Appellee’s instruction, secondly above quoted, is under the circumstances of this case reversible error. It told the jury that as a matter of law, the fact being proven that decedent drove upon the railroad crossing without looking to see if there was a train then approaching, was not negligence. In a case proper for submission to a jury it is for the jury, not the court, to say what constitutes negligence. Under such circumstances it has been repeatedly held to be reversible error for the court to instruct the jury what constituted negligence. True it is, that after thus erroneously directing the jury, the instruction proceeds in a conflicting *519manner to tell the jury that it is for them to determine whether it was negligence for the deceased to drive upon the crossing without looking for an approaching train. The most that can be said in favor of the instruction is that it contains' two extremely opposite statements, and that one of them is clearly reversible error. Under the state of proof in this case which, as we have said, entitles appellant to have the jury accurately instructed, we regard the giving of this instruction as reversible error. We are unable to determine which proposition contained in the instruction guided the jury in their deliberations.

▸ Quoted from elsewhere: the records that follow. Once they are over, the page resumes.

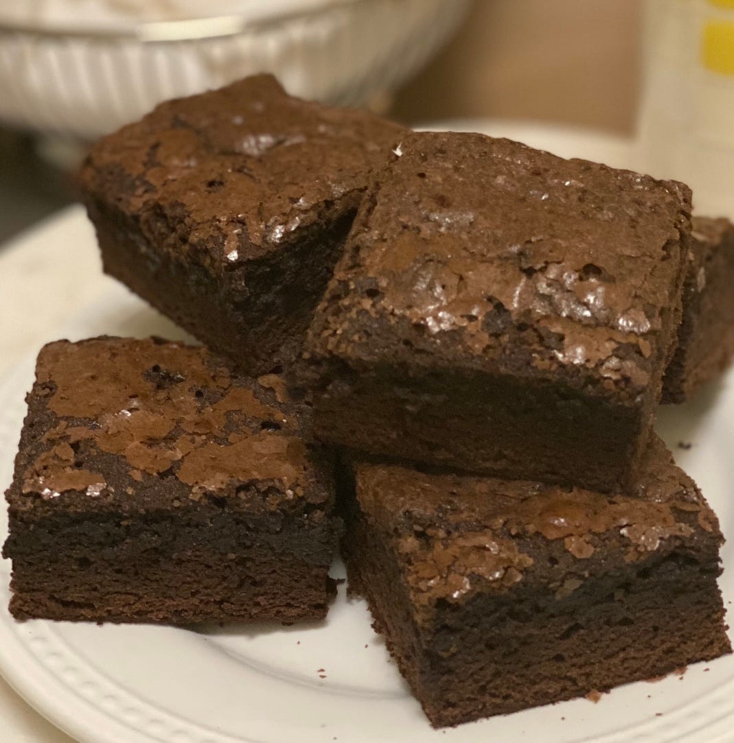 There’s another reason I have a soft spot for Duncan Hines. As I’ve mentioned in earlier newsletters, the very first thing I baked by myself as a kid were Duncan Hines Brownies. I baked up a batch (pictured above) the other night with the optional extra egg and milk instead of water, just like I used to, and they were as good and familiar as I hoped they’d be.
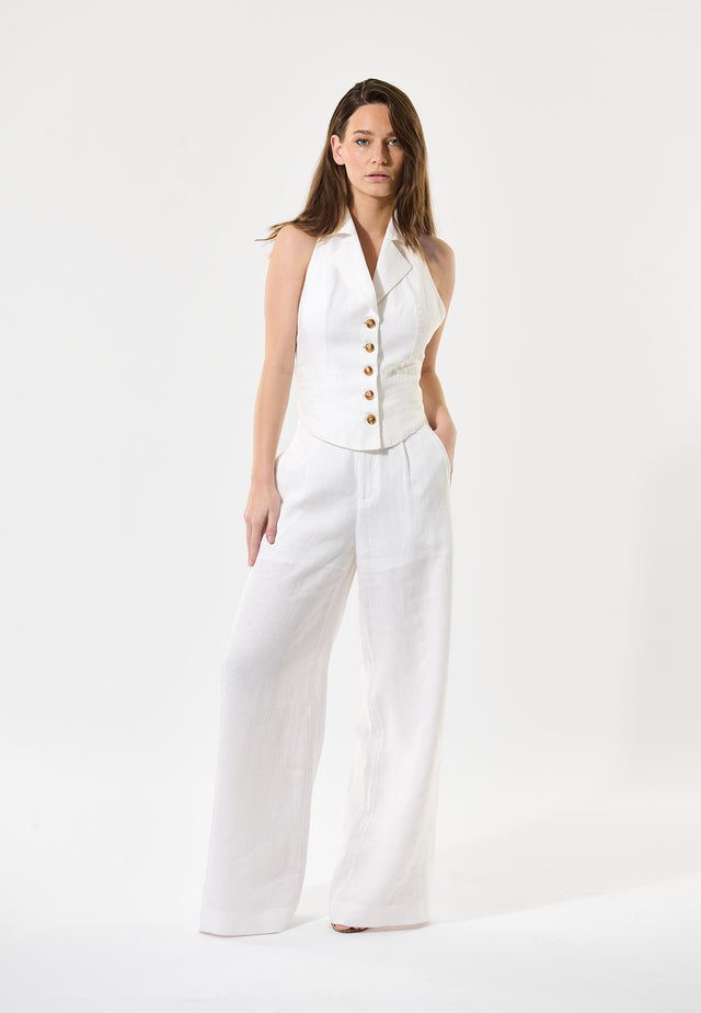 Effortlessly chic, this halterneck waistcoat with lapels in heavy white linen works perfectly with a pair of tailored trousers for evening. Totally backless, it is fastened by a tie belt at the waist.
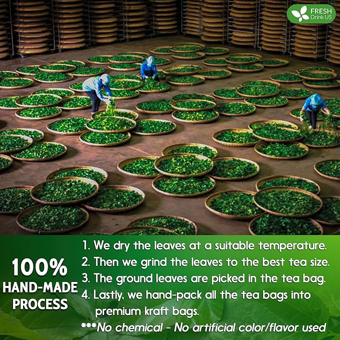 - ☘️ MULBERRY TEA BAS MADE BY A HAND-MADE PROCESS: Mulberry leaves are picked at their flavorful/colorful peak and naturally sun-dried to perfection. We hand-select only the premium leaves of Mulberry for the utmost quality. Then we grind the herbal leaves into the best tea size. Next, we immediately pack it in eco-friendly tea bags. Lastly, we pack the tea bags into food-grade kraft bags for ultimate freshness.
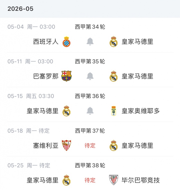皇马本赛季剩余赛程↓

Appellant complains of the action of the trial court in refusing the eleventh, twelfth, thirteenth, fourteenth, fifteenth and sixteenth instructions. They were all properly refused, because they told the jury what constituted negligence. Appellant’s seventeenth instruction, which was refused by the court, contains one questionable element, and all that was proper in it was covered in other given instructions. Appellant’s eighteenth and nineteenth instructions were properly modified. Appellee’s third given instruction was calculated to mislead the jury. If deceased was negligent it was not at the instant he was injured, but it was before that, in driving into the place of danger without exercising due care for his own safety.

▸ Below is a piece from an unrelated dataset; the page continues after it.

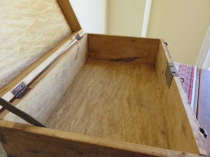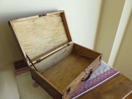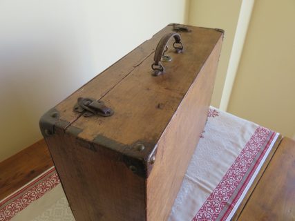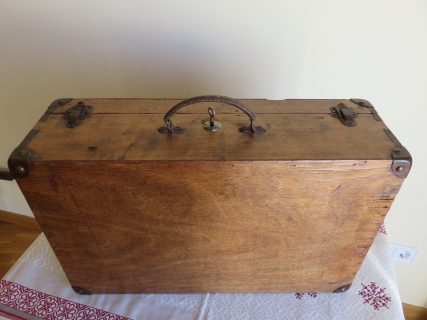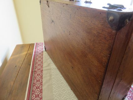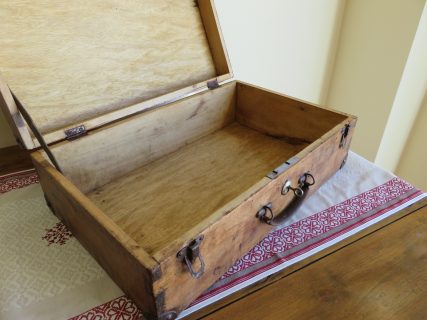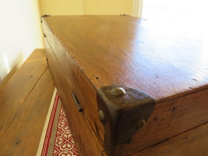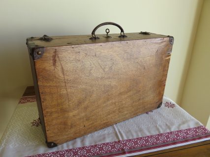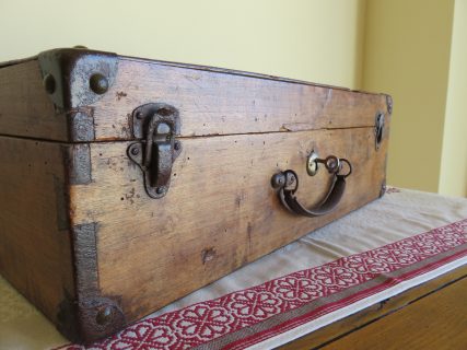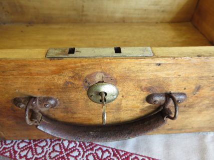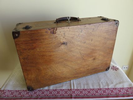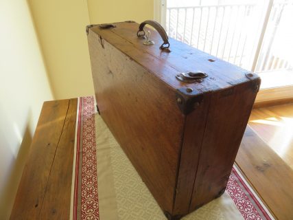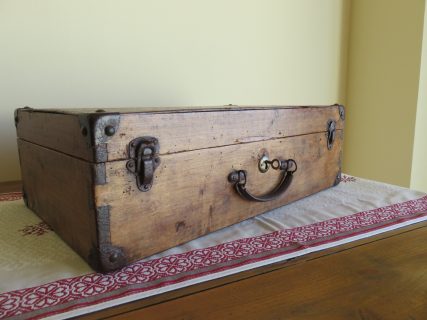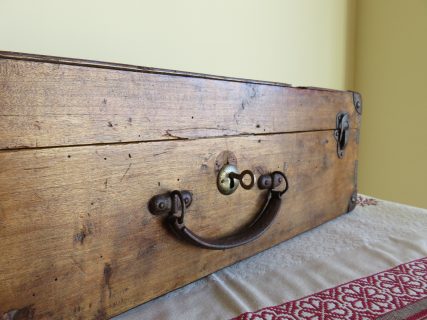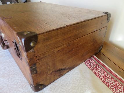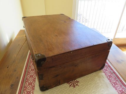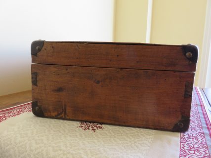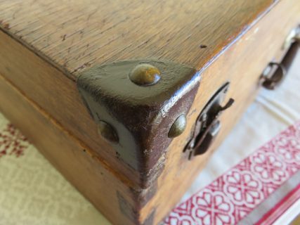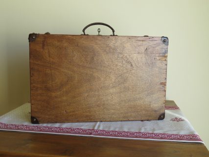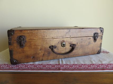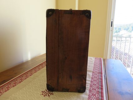 Maleta de soldado de madera muy antigua con pátina en color roble. Con los acabados habituales de la época. Refuerzos metálicos y tachuelas en las aristas, 2 cierres, asa, bisagras, cerradura con llave y tope de cuero. Con muchas señales de uso. Restaurada manteniendo las muestras de desgaste. Pieza muy autentica.

The case was tried upon the theory that it was incumbent upon appellee to prove that those for whose benefit the suit was brought were dependent upon decedent, or that he had contributed to their support. There was proof in the record that the father and mother of deceased, who was a bachelor, were living with him at the time of his death. From this it is argued that he was contributing to their support. From all that appears in the record upon this subject it might be that while the parents were living with deceased, they were actually self-supporting, and were paying him for their support and any care he bestowed upon them.

For the reasons indicated the judgment of the Circuit Court will be reversed and the cause remanded.